Месяц Айз, 388 г. П.Р., Исайн’Чоль (423 г. Р.Э.)
Серый камень безмолвен. Ни царапин, ни даже следа крови, щедро оросившей его всего несколько малых циклов назад. Победы и поражения — он привычно вобрал в себя все, оставшись лишь глухой пустотой, не стоящей ни внимания, ни равнодушного взгляда. И все же для Исилара Альяд арена неизменно оставалась неумолимо притягательной, как пустое расчерченное клетками поле — открывала целый веер возможностей, звала отголосками силуэтов на призраках камней. Мир мог вращаться иначе. Каким бы он стал, если бы на серых камнях бесконечность северной пустоши столкнулась с разрывающими небо когтями Айз’к Со? У него не было возможности узнать. Исилар не оборачивался — чувствовал за плечом мерное натяжение нитей и казавшееся равнодушным ожидание.
Застывшая ярость Эшсар. О ней помнили всегда — не вспоминали, но держали за самым уголком разума, наравне с песчаными бурями Ато или раскаленным воздухом К’шар. Помнили — и забывали о неспешном движении песчинок, скольжении змеиных колец, оплетающих тело с неумолимостью зыбучих песков. Истинная сила Эшсар в бесконечном терпении и неизбежности. Пусть способных ее явить уже давно не рождалось под светом лун. Так думали.

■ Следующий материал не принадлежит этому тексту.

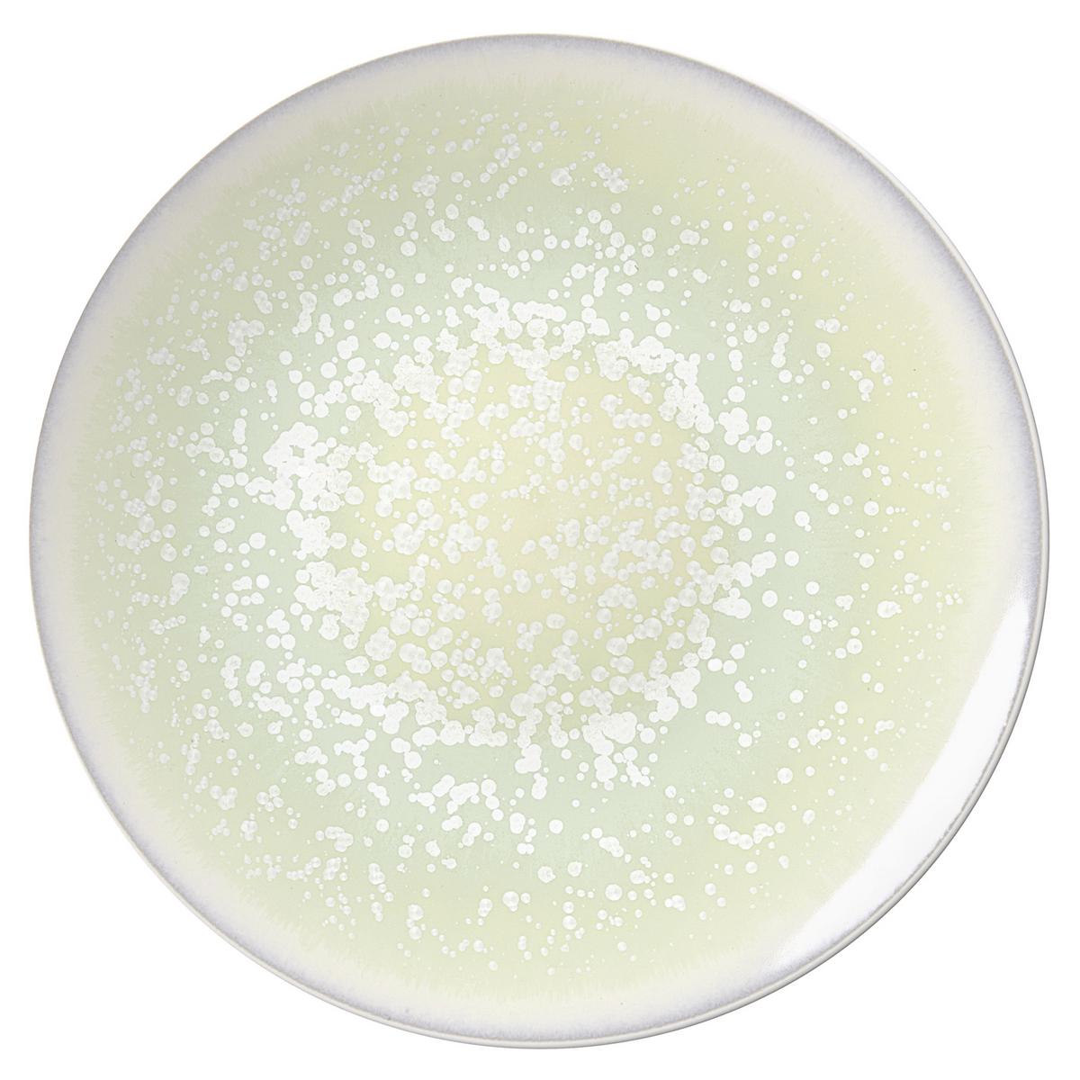 Zurückerobert von der Natur. Das Tafelservice "Song Amande" von Jaune de Chrome schimmert in einem sanften Grünton. Ein heller Fleckenteppich erstreckt sich wie ein edle Patina über das zart gefärbte Limoges-Porzellan. Zusammen mit einem dezenten, weichen Farbverlauf scheint es, als wäre das Geschirr wie Steine im Garten nach Jahren in der warmen Sonne langsam verblasst und von feinem Moos überwachsen.

Края черных одежд терялись в тенях. Сливались с отражением стен и растворялись в них. Его безмолвный страж и вечный наблюдатель. Фейрадхаан. Существо, лишенное и крупицы собственной силы. Вечно безымянная и безоружная, сжавшая змеиными кольцами так, что даже вечные петли дорог накинулись удавкой на шею. Исилару хватило бы и тени собственной силы — стереть без следа чернильное пятно в зыбкости стен. Сила поднималась, вращалась неторопливыми кольцами злых снежинок, взламывала серый камень и стирала росчерки клеток с плит, рвалась вперед — и лишь опадала в пустоту. Тень — это только тень, она растворится, чтобы соткаться вновь. Нити уже стянуты, им нет дела до хватки чьих-то рук. На серых камнях бы действовали иные правила.
— Он проиграл бы там, — пустые слова. Нет смысла гадать о несбывшемся, но есть нечто особенное в том, чтобы лить горечь на призраки ран.
— Нет, — звучание голоса кажется ответом самих камней — столько в нем равнодушной уверенности.
— Тогда почему? — мир трескался и ломался за спиной, сыпалось вниз стекло галерей, оборачиваясь песчинками и злым ветром, оплывали стальные конструкции, застывая в новой искаженной плоскости. И только тени по-прежнему стояли на своих местах.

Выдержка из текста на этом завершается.